Work required => Lines from the one containing "Keywords: BBQ chicken" through the last line of the data are to be returned exactly, both ends included, minus any pictures.

Data shown =>
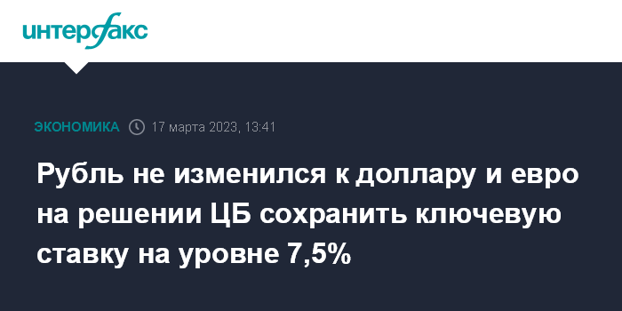 Москва. 17 марта. INTERFAX.RU - Рубль не изменился к доллару и евро на Московской бирже в пятницу днем на решении ЦБ РФ сохранить ключевую ставку на уровне 7,5%, так как оно уже было учтено рынком.
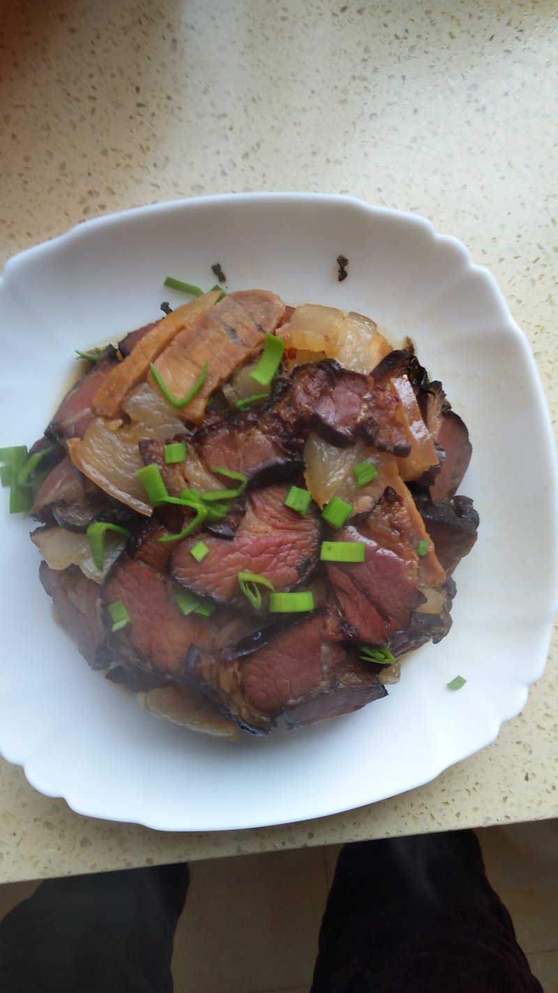 自晒腊肉90g;自制咸菜干40g;大蒜两瓣;生姜两片;
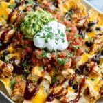 Keywords: BBQ chicken nachos, nachos recipe, easy appetizer, BBQ chicken recipe, cheesy nachos
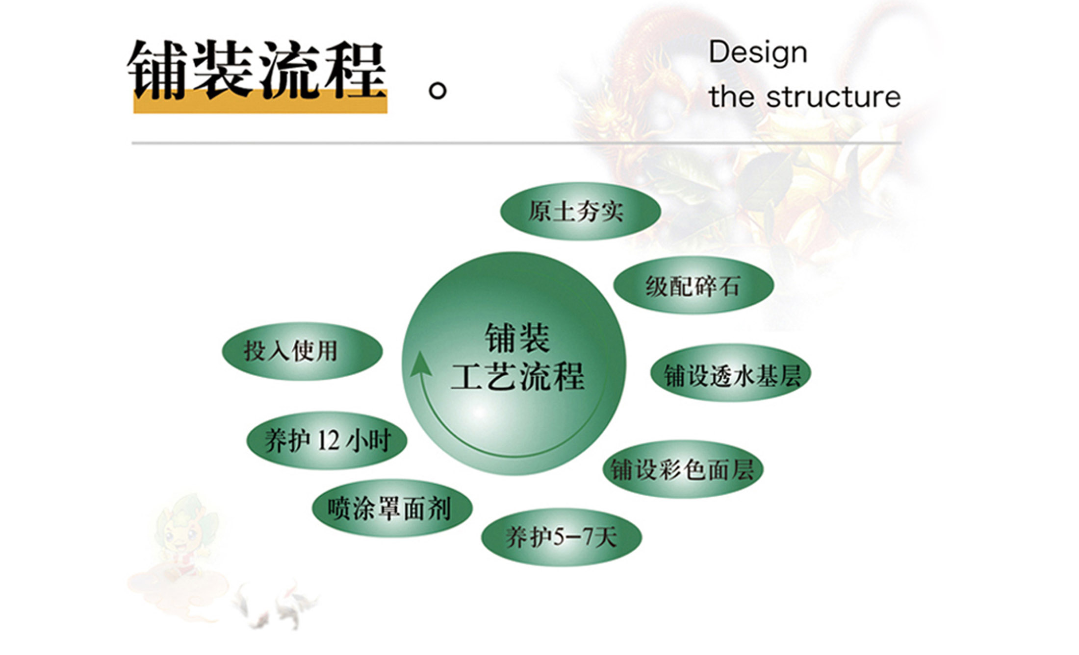 十五年专业环保生态路面厂商,九大产品系统, 百余款产品材料、技术、施工概念服务。完善的售前售后服务及施工指导体系,同时可代为客户进行各类彩色混凝土装饰面层的设计和施工的技术指导。

Worked solution =>
 Keywords: BBQ chicken nachos, nachos recipe, easy appetizer, BBQ chicken recipe, cheesy nachos
 十五年专业环保生态路面厂商,九大产品系统, 百余款产品材料、技术、施工概念服务。完善的售前售后服务及施工指导体系,同时可代为客户进行各类彩色混凝土装饰面层的设计和施工的技术指导。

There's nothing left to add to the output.